WHAT THIS TASK INVOLVES: If an entry holds a picture, leave that picture out. Give everything else again exactly.

INPUT MATERIAL:
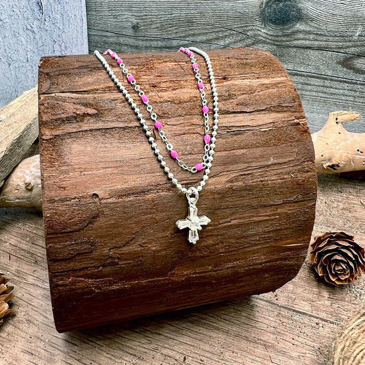Collier femme double rang LIPSTICK & LUST – chaîne perles émaillées rose fluo et pendentif croix zircon fuchsia façon tourmaline en argent 925
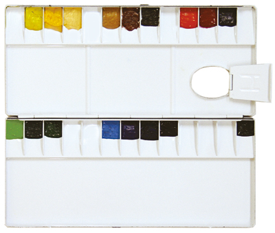 透明水彩絵の具(えふで絵の具)用におすすめしている、二つ折りのパレットです。 ●ターレンス |
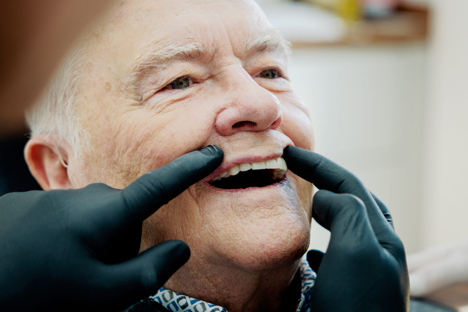 Dietrich Blinten strahlt über das ganze Gesicht. Er freut sich schon auf das Mittagessen, sein Leibgericht, Gulasch mit Klößen, eine Spezialität seiner Schwägerin, das er nun endlich wieder sorgenfrei genießen kann. „Ich bin Prof. Dr. Müllejans so dankbar“, sagt er. „Der hat das sehr gut gemacht!“ Anders als sein voriger Zahnarzt: Die Behandlung verlief chaotisch und das Resultat war eine wacklige, schlecht sitzende Prothese, die immer wieder aus der Verankerung rutschte. „Nach jedem Essen musste ich sie rausnehmen, saubermachen und neu kleben. Das war so lästig“, erinnert sich der Rentner.
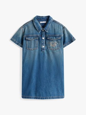 Choose a relaxed look on summery days in this cute denim dress, featuring handy chest pockets and contrasting logo embroidery.
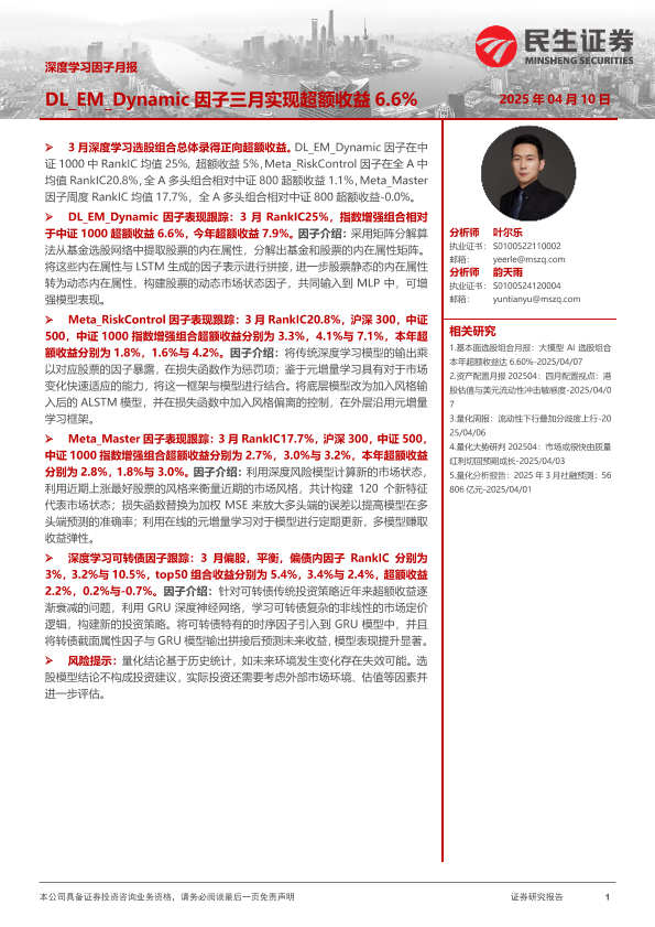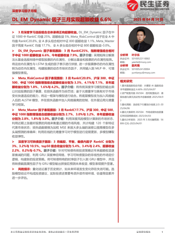【民生证券】【20250410】深度学习因子月报:DL_EM_Dynamic因子三月实现超额收益6.6%-24页
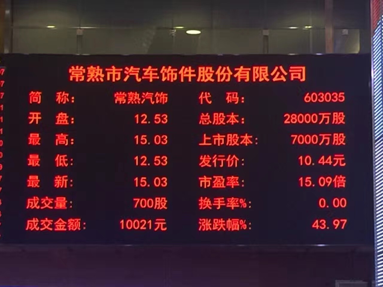 2017年1月5日,常熟市汽車飾件股份有限公司(股票代碼:603035,以下簡稱“常熟車飾”)登陸上海證券交易所,正式掛牌交易。
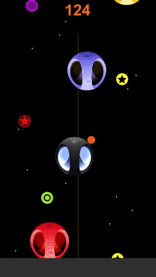 Bounce around and into as many stars and friendly orbs as possible. Crossing the middle line adds to the score
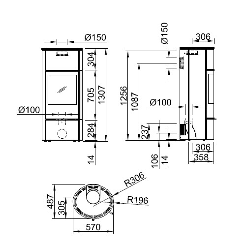– Ein mit Stahlverkleidung oder Natursteinverkleidung seitlicher Speicher: mit Speichermasse ausgegossenes Modell
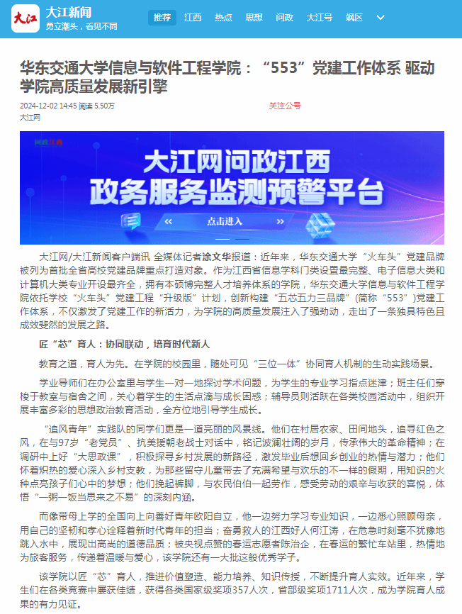 近年来,香港最新最准资料库“火车头”党建品牌被列为首批全省高校党建品牌重点打造对象。作为江西省信息学科门类设置最完整、电子信息大类和计算机大类专业开设最齐全,拥有本硕博完整人才培养体系的学院,香港最新最准资料库信息与软件工程学院依托学校“火车头”党建工程“升级版”计划,创新构建“五芯五力三品牌”(简称“553”)党建工作体系,不仅激发了党建工作的新活力,为学院的高质量发展注入了强劲动,走出了一条独具特色且成效斐然的发展之路。
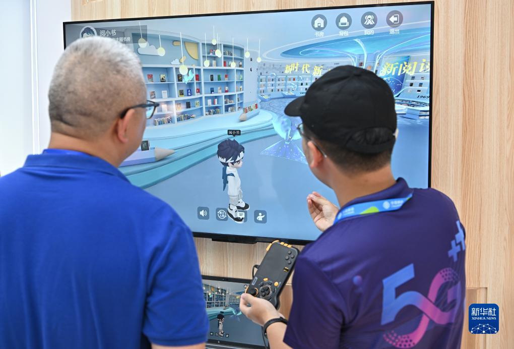 7月18日,与会者在大会设置的数字技术与应用成果展的中国移动展台了解“比特书房”元宇宙阅读。新华社记者 李鑫 摄
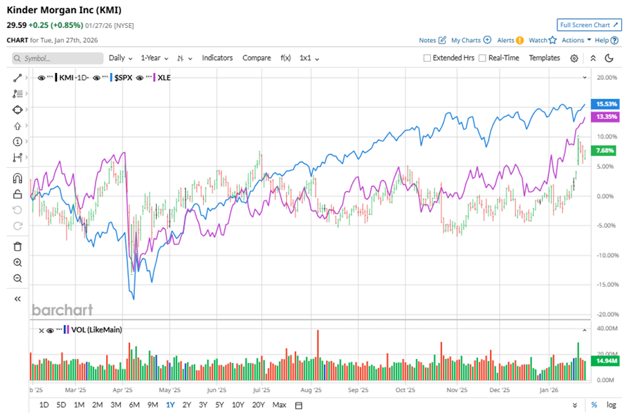 Shares of this midstream giant have underperformed the broader market over the past year. KMI has gained 7.8% over this time frame, while the broader S&P 500 Index ($SPX) has rallied nearly 16.1%. However, in 2026, KMI stock is up 7.6%, surpassing the SPX’s 1.9% rise on a YTD basis.
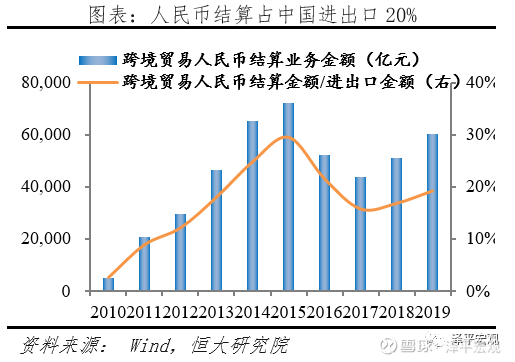 贸易层面, 2009年启动人民币结算试点以来,人民币结算的跨境贸易占中国进出口比重从2010年2.5%提升至2019年20%。从全球来看,2011-2019年人民币全球支付份额从0.29%升至1.94%,目前是全球第6大支付货币。
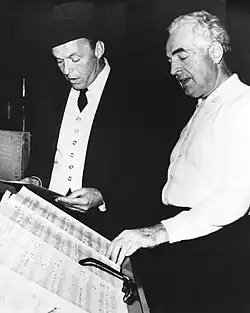 During the 1940s and early 1950s, Waring and His Pennsylvanians produced a string of hits, selling millions of records. A few of his many choral hits include "Sleep", "Battle Hymn of the Republic", "Smoke Gets in Your Eyes", "Button Up Your Overcoat", "White Christmas", "Give Me Your Tired, Your Poor", and "Dancing in the Dark".[9] In 1964 he recorded two albums with Frank Sinatra and Bing Crosby: America, I Hear You Singing and 12 Songs of Christmas, for Sinatra's Reprise label.
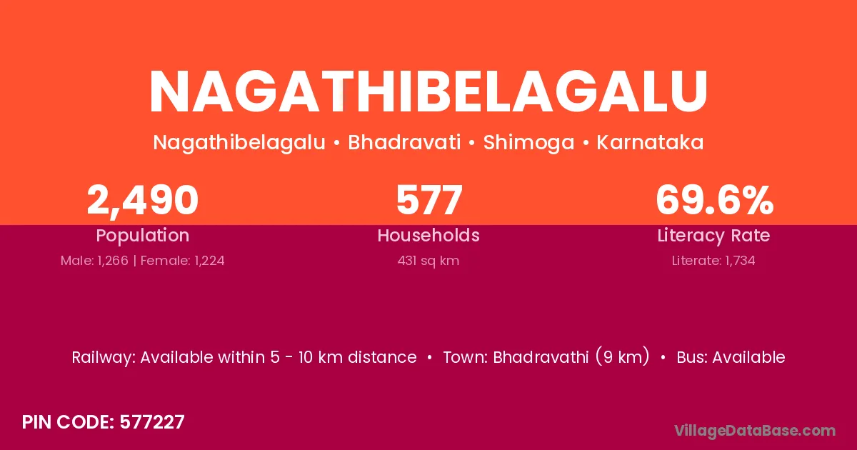 Bhadravathi (9 km) is the nearest town to Nagathibelagalu village for major economic activities and is located approximately 9 km away.
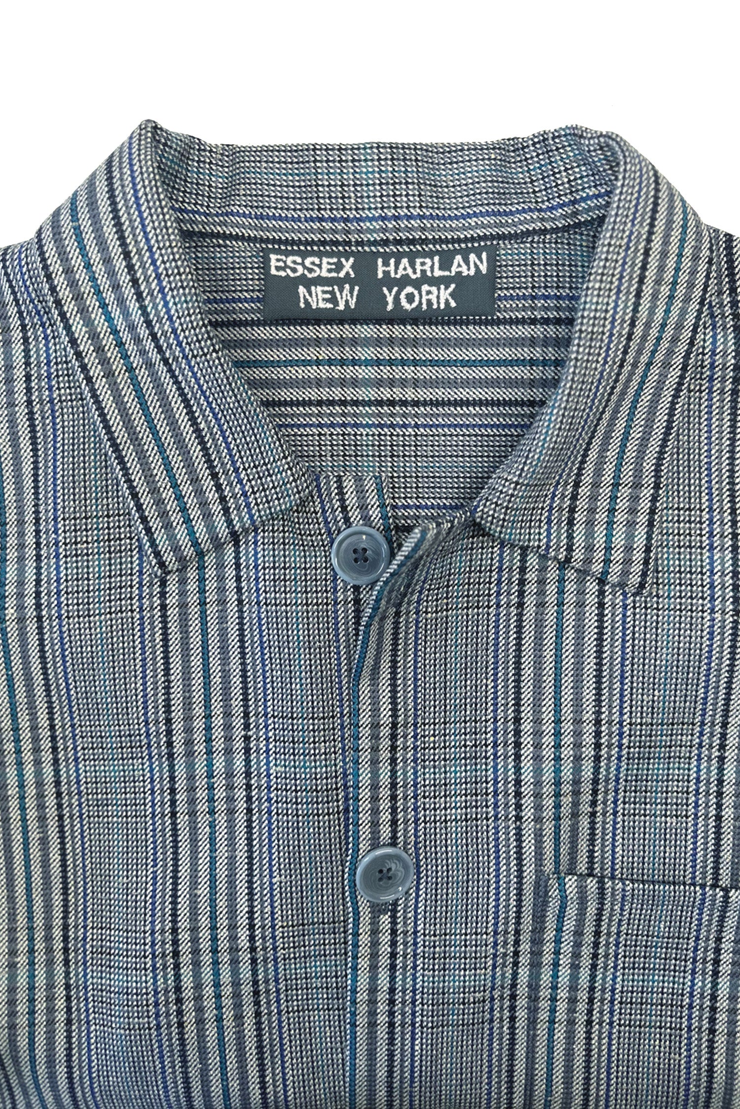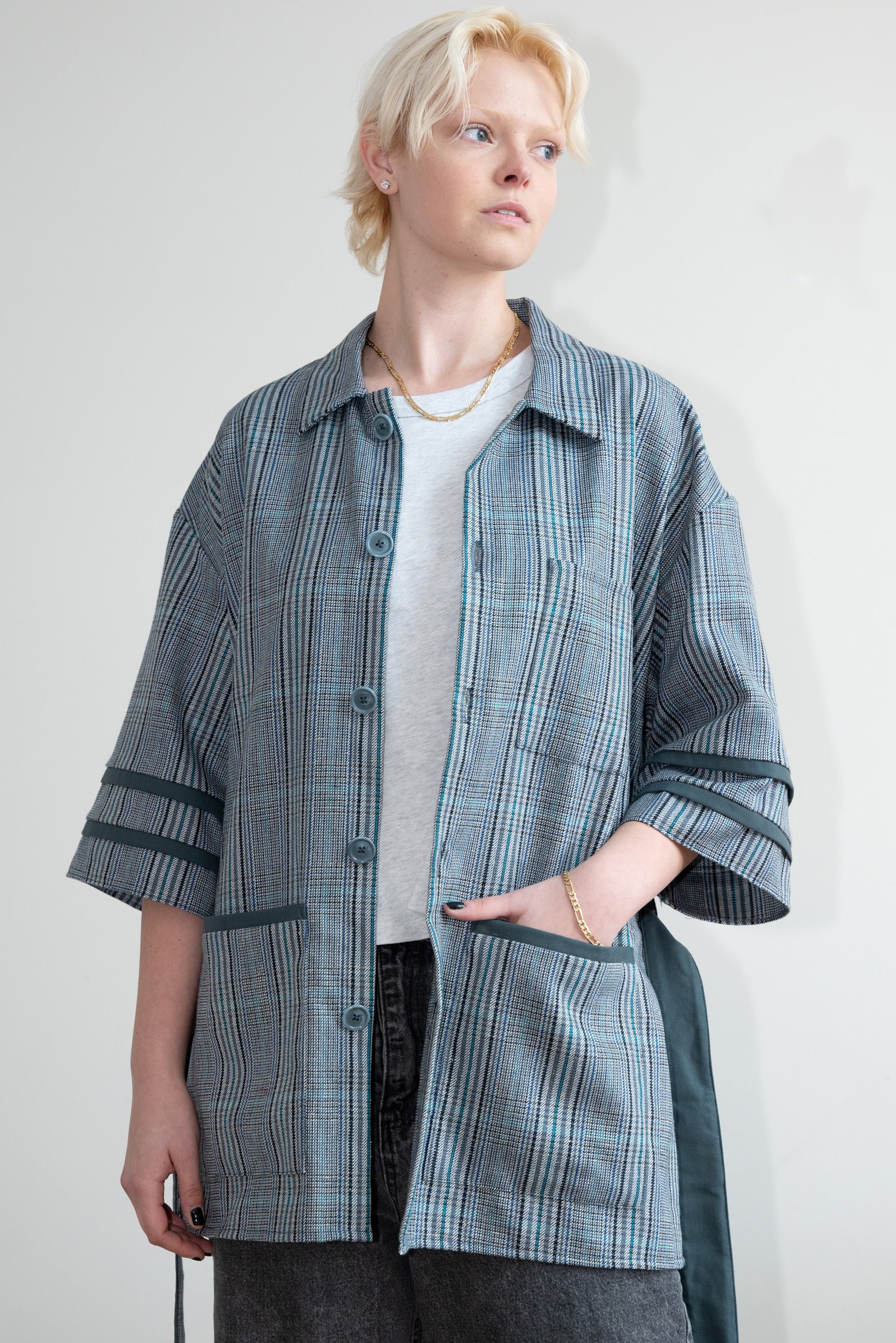 Made from classic teal gray tweed wool check with solid teal wool twill accents, it boasts dual stripes on the sleeves and a single stripe across the back yoke for contemporary elegance. A self-tie waist ensures a flattering fit for all body types. Crafted from premium wool twill renowned for its textured weave, this shirt promises superior comfort and a stylish drape, redefining casual elegance.
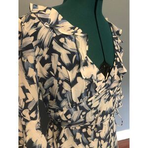 This gorgeous 100% silk dress is lightweight and high quality! It is in great pre-loved condition. It has gorgeous ruffle details around the neckline, sleeves, and bottom hem. It has a helpful left side seam zipper closure.
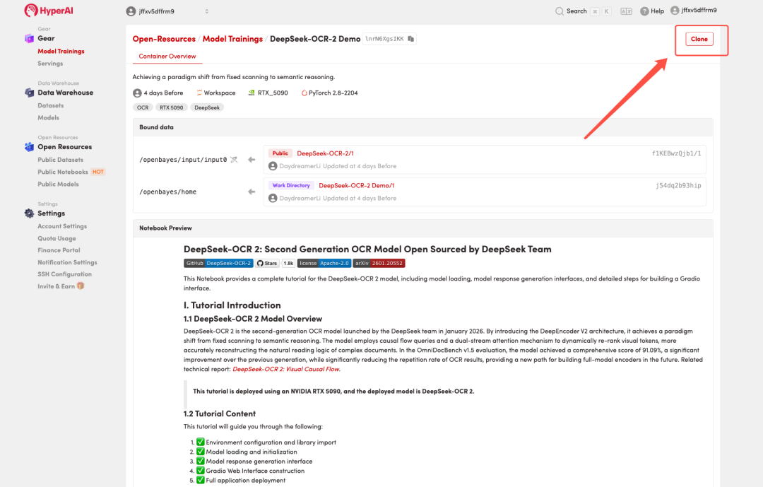 2. 页面跳转后,点击右上角「Clone」,将该教程克隆至自己的容器中。
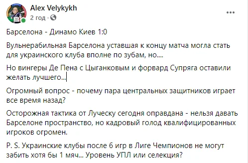 "Футбол 24" зібрав думки експертів за мотивами матчу 3-го туру ЛЧ Барселона – Динамо (1:0).
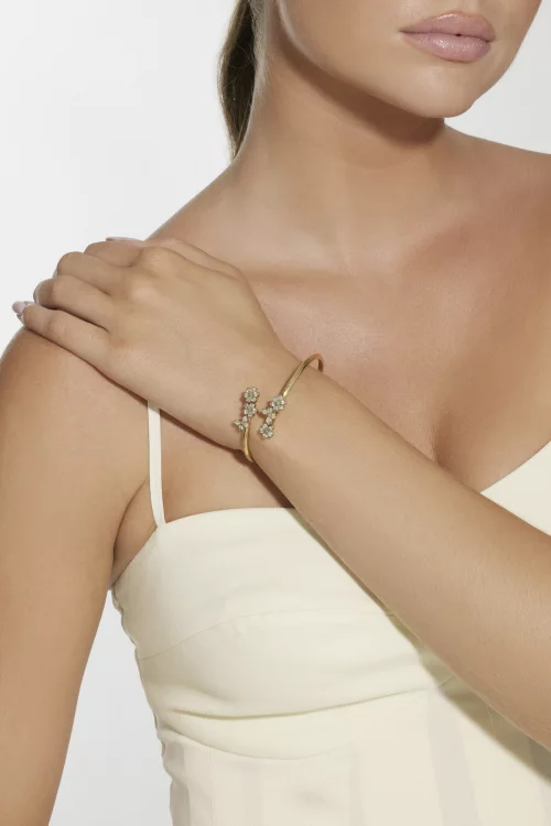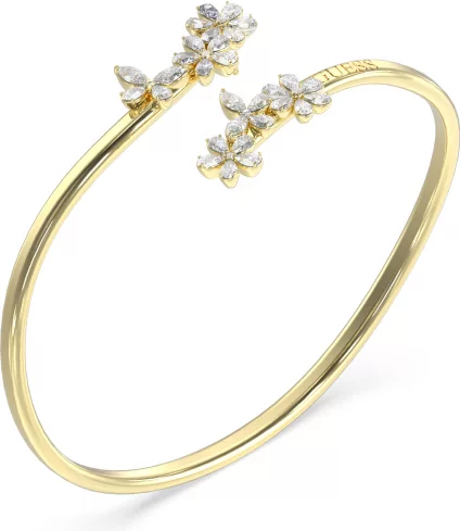 Elegantní dámský náramek GUESS ze zlacené chirurgické oceli, zdobené květy a motýlky ze zirkonů a logem značky. Průměr náramku: 4,5 x 5,5 cm
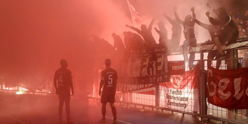 gezündet worden war und zehn Cottbuser Fans auf den Fußballplatz stürmten.
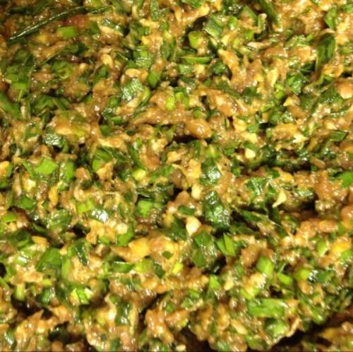 姜剁碎成姜末,和入韭菜,加橄榄油拌匀。

ANSWER TO THE EXERCISE:
Collier femme double rang LIPSTICK & LUST – chaîne perles émaillées rose fluo et pendentif croix zircon fuchsia façon tourmaline en argent 925
 透明水彩絵の具(えふで絵の具)用におすすめしている、二つ折りのパレットです。 ●ターレンス |
 Dietrich Blinten strahlt über das ganze Gesicht. Er freut sich schon auf das Mittagessen, sein Leibgericht, Gulasch mit Klößen, eine Spezialität seiner Schwägerin, das er nun endlich wieder sorgenfrei genießen kann. „Ich bin Prof. Dr. Müllejans so dankbar“, sagt er. „Der hat das sehr gut gemacht!“ Anders als sein voriger Zahnarzt: Die Behandlung verlief chaotisch und das Resultat war eine wacklige, schlecht sitzende Prothese, die immer wieder aus der Verankerung rutschte. „Nach jedem Essen musste ich sie rausnehmen, saubermachen und neu kleben. Das war so lästig“, erinnert sich der Rentner.
 Choose a relaxed look on summery days in this cute denim dress, featuring handy chest pockets and contrasting logo embroidery.
【民生证券】【20250410】深度学习因子月报:DL_EM_Dynamic因子三月实现超额收益6.6%-24页
 2017年1月5日,常熟市汽車飾件股份有限公司(股票代碼:603035,以下簡稱“常熟車飾”)登陸上海證券交易所,正式掛牌交易。
 Bounce around and into as many stars and friendly orbs as possible. Crossing the middle line adds to the score
– Ein mit Stahlverkleidung oder Natursteinverkleidung seitlicher Speicher: mit Speichermasse ausgegossenes Modell
 近年来,香港最新最准资料库“火车头”党建品牌被列为首批全省高校党建品牌重点打造对象。作为江西省信息学科门类设置最完整、电子信息大类和计算机大类专业开设最齐全,拥有本硕博完整人才培养体系的学院,香港最新最准资料库信息与软件工程学院依托学校“火车头”党建工程“升级版”计划,创新构建“五芯五力三品牌”(简称“553”)党建工作体系,不仅激发了党建工作的新活力,为学院的高质量发展注入了强劲动,走出了一条独具特色且成效斐然的发展之路。
 7月18日,与会者在大会设置的数字技术与应用成果展的中国移动展台了解“比特书房”元宇宙阅读。新华社记者 李鑫 摄
 Shares of this midstream giant have underperformed the broader market over the past year. KMI has gained 7.8% over this time frame, while the broader S&P 500 Index ($SPX) has rallied nearly 16.1%. However, in 2026, KMI stock is up 7.6%, surpassing the SPX’s 1.9% rise on a YTD basis.
 贸易层面, 2009年启动人民币结算试点以来,人民币结算的跨境贸易占中国进出口比重从2010年2.5%提升至2019年20%。从全球来看,2011-2019年人民币全球支付份额从0.29%升至1.94%,目前是全球第6大支付货币。
 During the 1940s and early 1950s, Waring and His Pennsylvanians produced a string of hits, selling millions of records. A few of his many choral hits include "Sleep", "Battle Hymn of the Republic", "Smoke Gets in Your Eyes", "Button Up Your Overcoat", "White Christmas", "Give Me Your Tired, Your Poor", and "Dancing in the Dark".[9] In 1964 he recorded two albums with Frank Sinatra and Bing Crosby: America, I Hear You Singing and 12 Songs of Christmas, for Sinatra's Reprise label.
 Bhadravathi (9 km) is the nearest town to Nagathibelagalu village for major economic activities and is located approximately 9 km away.
 Made from classic teal gray tweed wool check with solid teal wool twill accents, it boasts dual stripes on the sleeves and a single stripe across the back yoke for contemporary elegance. A self-tie waist ensures a flattering fit for all body types. Crafted from premium wool twill renowned for its textured weave, this shirt promises superior comfort and a stylish drape, redefining casual elegance.
 This gorgeous 100% silk dress is lightweight and high quality! It is in great pre-loved condition. It has gorgeous ruffle details around the neckline, sleeves, and bottom hem. It has a helpful left side seam zipper closure.
 2. 页面跳转后,点击右上角「Clone」,将该教程克隆至自己的容器中。
 "Футбол 24" зібрав думки експертів за мотивами матчу 3-го туру ЛЧ Барселона – Динамо (1:0).
 Elegantní dámský náramek GUESS ze zlacené chirurgické oceli, zdobené květy a motýlky ze zirkonů a logem značky. Průměr náramku: 4,5 x 5,5 cm
 gezündet worden war und zehn Cottbuser Fans auf den Fußballplatz stürmten.
 姜剁碎成姜末,和入韭菜,加橄榄油拌匀。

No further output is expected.